Ecco d’un tratto il rombo accigliato del motore, il bagliore dei fari, il sibilo del finestrino che si abbassa, il fischio sommesso del mio compare che buca la notte. La mia bolla protettiva potrebbe resistere a questo assalto, potrebbe concedermi un riparo finché il tempo non riparta col giungere del primo mattino. Forse allora la balena svanirà. Io potrei alzarmi, sgranchirmi le giunture, ficcarmi le mani in tasca e andare al primo bar, sedermi ad un tavolino e ordinare un caffè doppio. Magari una brioche. Godermi il sorgere del sole e il privilegio di non avere altro da fare per tutto il giorno se non assaporare l’assenza di colpa. L’essere libero dal peso delle responsabilità. Un altro fischio, e una voce nervosa e soffocata. Che cazzo fai, vieni qui! Mi alzo di colpo e i pensieri rimangono incollati sulla panchina. C’è solo la balena, questa maledetta balena, ferma in lontananza. Mi guarda col suo occhio severo e triste. Mi guarda fisso. Sbrigati cazzo! Passo oltre, vado verso il furgone, spalanco il portellone e mi infilo nel vano di carico. Prima di chiudere torno a guardare nella notte. Lei non c’è più, rimane solo uno spiazzo d’erba illuminata da qualche lampione fioco. Posso andare. Il portellone sbatte forte e il contraccolpo del mezzo in movimento mi fa vacillare. Riesco a mantenere l’equilibrio, mi acquatto contro la lamiera e infilo il passamontagna. Tutto bene là dietro? Sì, bene. Strano, la sensazione è sempre quella di stare dentro l’acqua. Potrei essere in un sottomarino.
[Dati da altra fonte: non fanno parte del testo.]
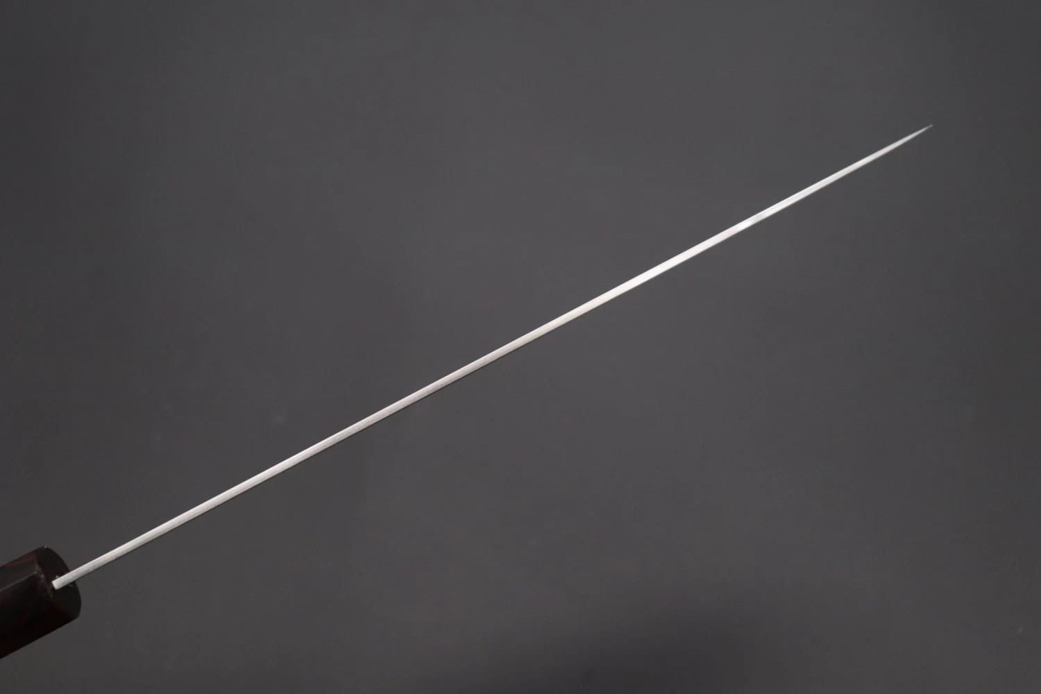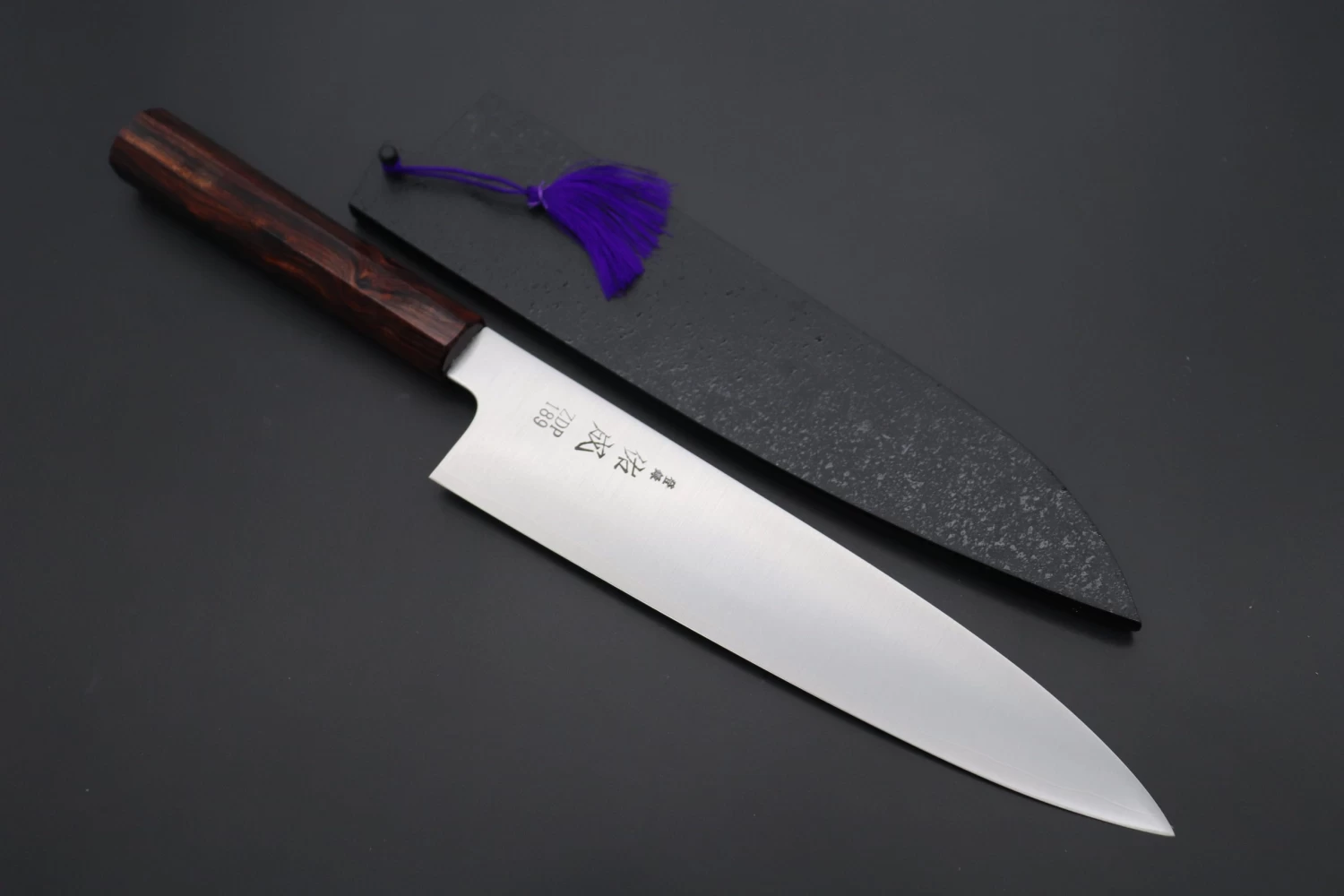This Custom Limited Edition Sukenari ZDP-189 Clad Wa Gyuto knife is fitted with a Innovative Octagonal Desert Ironwood Handle. A matching Black Lacquered wood Saya (Sheath) with a black pakkawood Saya pin is also included with the knife.

Il mezzo si inabissa, la pressione aumenta, l’oscurità è sempre più impenetrabile. Sento di avere un sonno millenario. E poi sento un suono, un canto. È lei, la balena, che mi segue mentre scendo in profondità. È bello non essere lasciato solo proprio ora. Mi concedo di chiudere gli occhi, e l’oscurità mi inghiotte di nuovo, come mi volesse nascondere in un abbraccio.